CARSON CITY — The months turned into weeks, and now it’s days for the Nevada Legislature to finish up by a mandated deadline of June 5.
Many issues remain under discussion in Week 17, from Education Savings Accounts to a possible bump in the minimum wage to a retail tax on marijuana needed to plug a hole in the state education budget.
Net metering, which Gov. Brian Sandoval said he supports, is also part of the discussions, as are other bills that are priorities for the Democratic leadership in the Senate and Assembly. Net metering allows individuals with rooftop solar to receive credits for the excess energy they generate.

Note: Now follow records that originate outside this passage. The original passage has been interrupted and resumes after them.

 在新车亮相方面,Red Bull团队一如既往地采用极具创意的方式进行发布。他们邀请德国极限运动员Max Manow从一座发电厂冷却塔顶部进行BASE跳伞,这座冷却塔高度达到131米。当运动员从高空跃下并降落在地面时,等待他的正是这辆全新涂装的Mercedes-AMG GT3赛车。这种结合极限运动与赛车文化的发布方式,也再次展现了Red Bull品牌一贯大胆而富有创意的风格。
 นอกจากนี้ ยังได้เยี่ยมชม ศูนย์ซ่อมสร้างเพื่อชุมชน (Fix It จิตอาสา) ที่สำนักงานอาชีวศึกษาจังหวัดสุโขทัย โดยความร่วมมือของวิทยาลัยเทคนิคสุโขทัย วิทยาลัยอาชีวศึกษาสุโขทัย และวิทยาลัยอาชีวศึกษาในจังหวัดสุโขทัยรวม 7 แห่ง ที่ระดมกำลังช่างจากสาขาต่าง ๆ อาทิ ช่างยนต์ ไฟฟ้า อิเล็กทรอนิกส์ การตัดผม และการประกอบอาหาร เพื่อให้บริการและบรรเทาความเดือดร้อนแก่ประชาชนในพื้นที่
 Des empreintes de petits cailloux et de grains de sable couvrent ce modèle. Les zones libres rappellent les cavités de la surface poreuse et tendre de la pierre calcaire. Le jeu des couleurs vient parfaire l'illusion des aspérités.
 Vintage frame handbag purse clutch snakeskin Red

Despite the lack of resolution on the many issues with just over a week to go, Sandoval said last week that he remains optimistic that lawmakers will finish on time.

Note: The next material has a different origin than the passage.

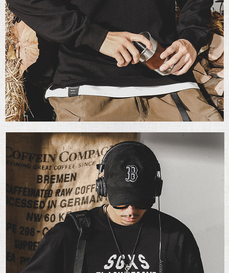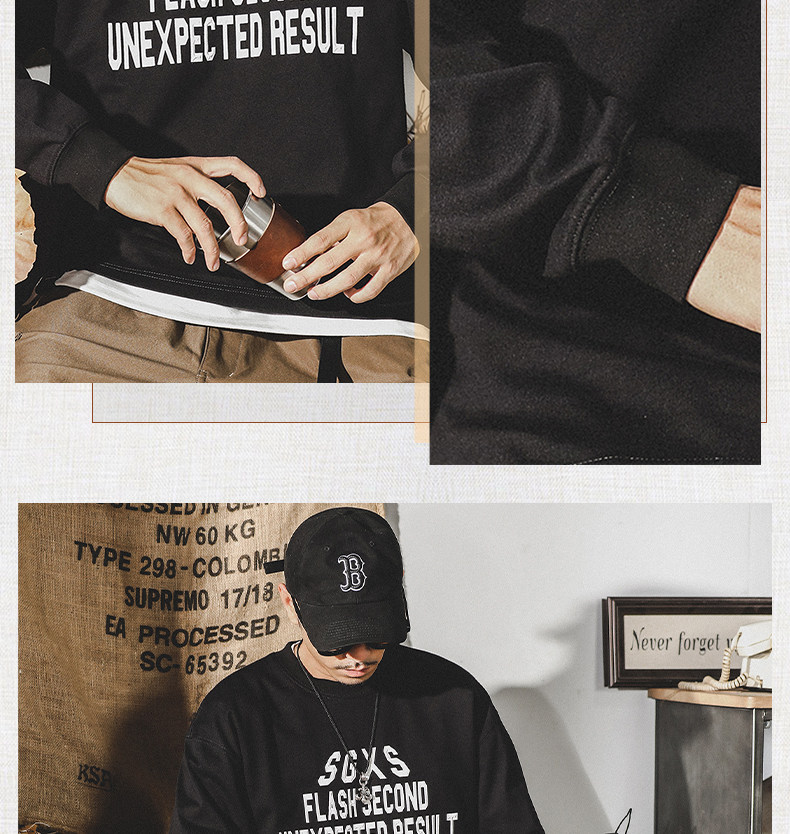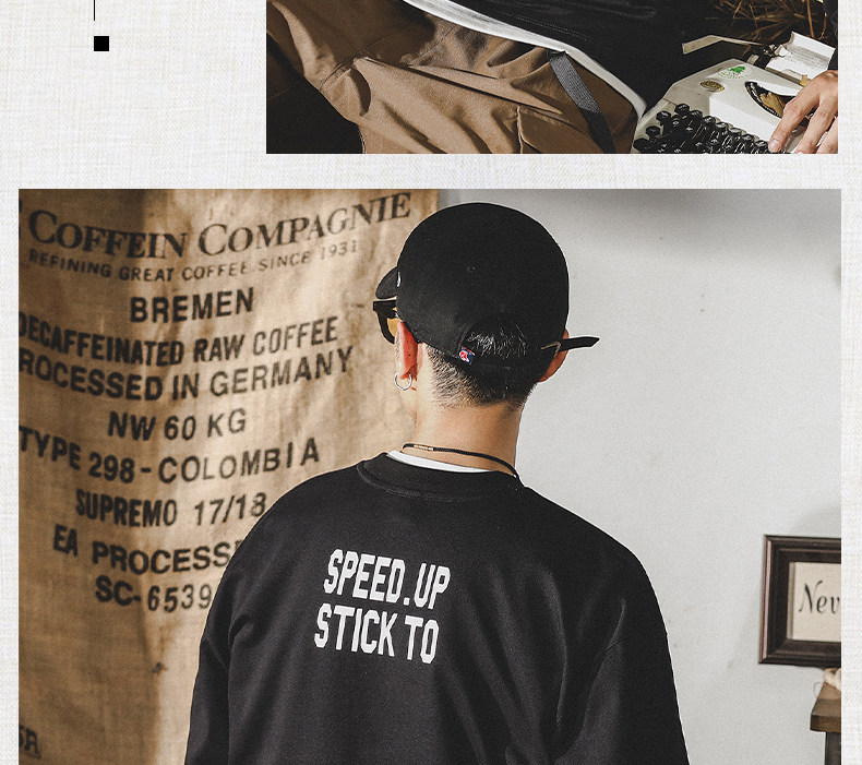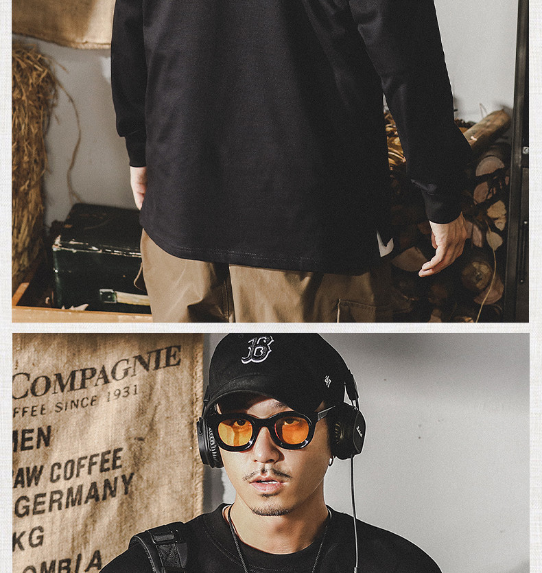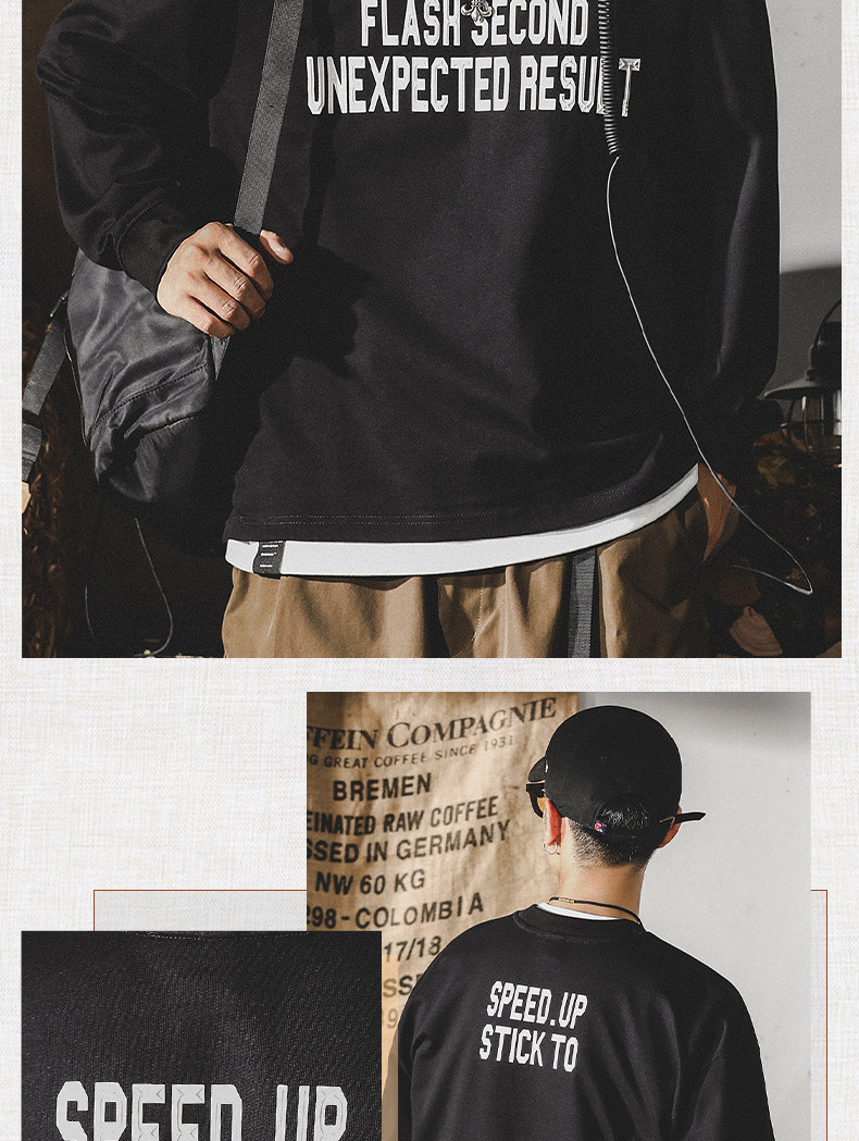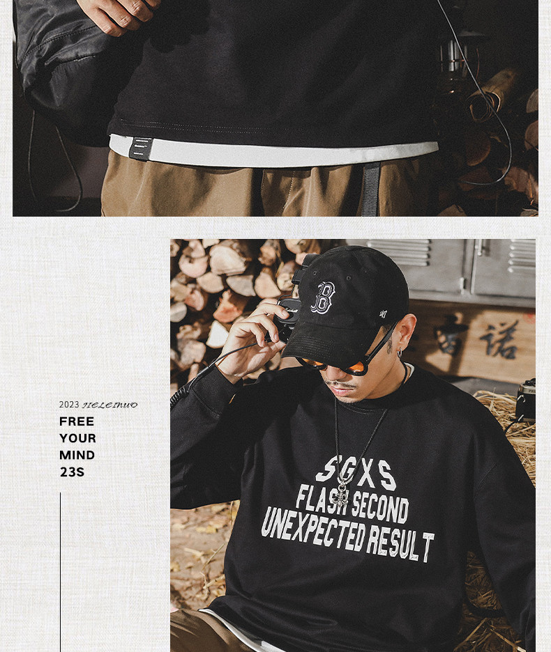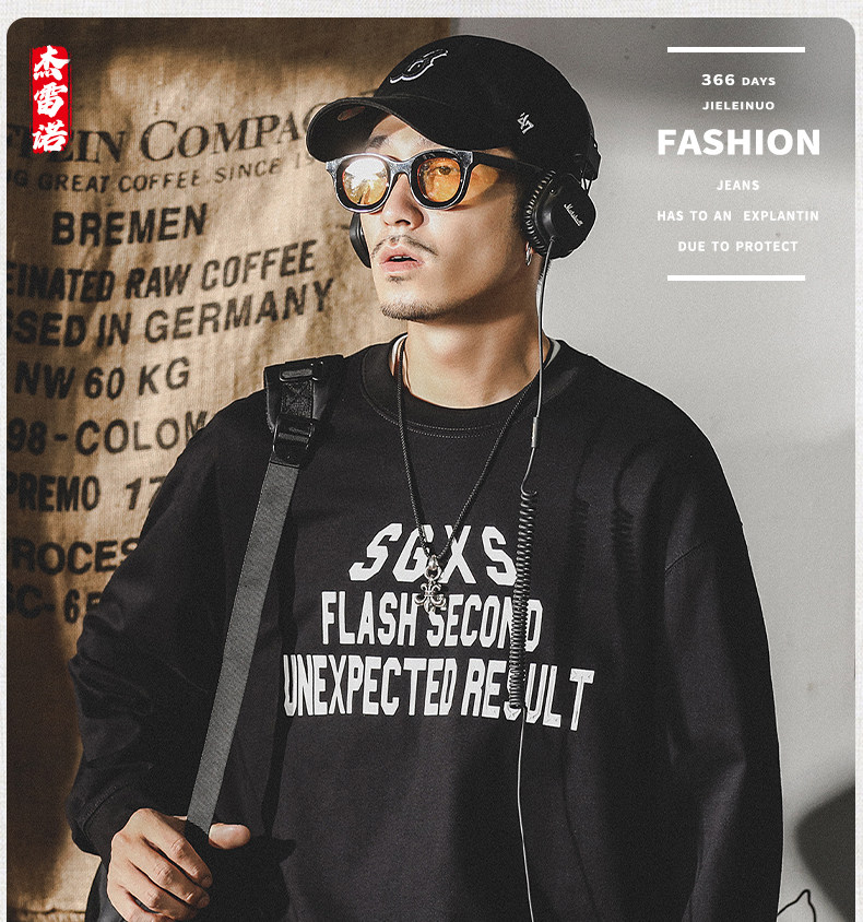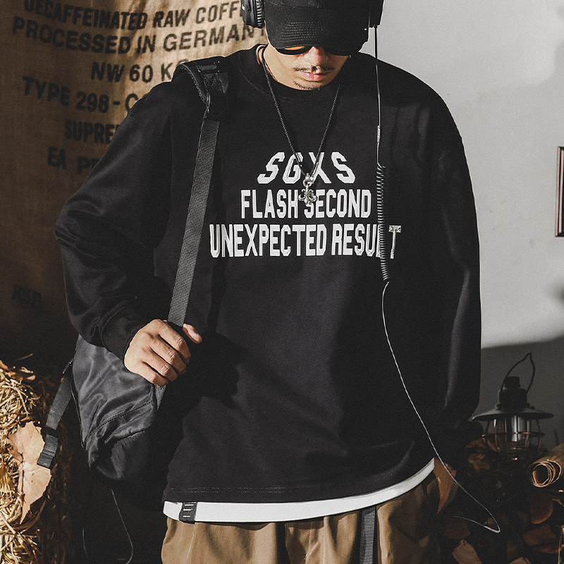 Tide, хлопковая мужская утепленный лонгслив, в американском стиле, 2024 года, оверсайз, осенний

“Obviously, there are some budget deadlines that are coming up,” he said. “We’re going to get this done. I’m confident.”
The budget bills that will implement Sandoval’s 2017-19, $8.2 billion general fund spending plan and funding for public education must be introduced by Wednesday.
Working on ESAs
Sandoval has included $60 million for the ESA program.
Asked on Wednesday how committed he is to getting ESAs funded, Sandoval said: “100 percent. It’s no secret that ESAs are a big priority for me.”
“It’s another fluid conversation we’re having with the Legislature,” he said.
The conversations on ESAs involve a variety of issues, including the potential of income limits for who would be eligible, since there would likely be far more applications than money available.
Senate Bill 506, which would implement the program, has no limits now. It is awaiting a hearing in the Senate Finance Committee.
“That’s all part of the discussion,” Sandoval said of the potential for income limits. “There has been no agreement.”
Sandoval visited Faith Lutheran private school in Las Vegas this month and said he was told by the principal that a separate program to help low-income students attend private schools using tax credits, called Opportunity Scholarships, has been transformational for those students.
ESAs would help expand opportunities for students who would not otherwise have the chance to attend a private school, Sandoval said.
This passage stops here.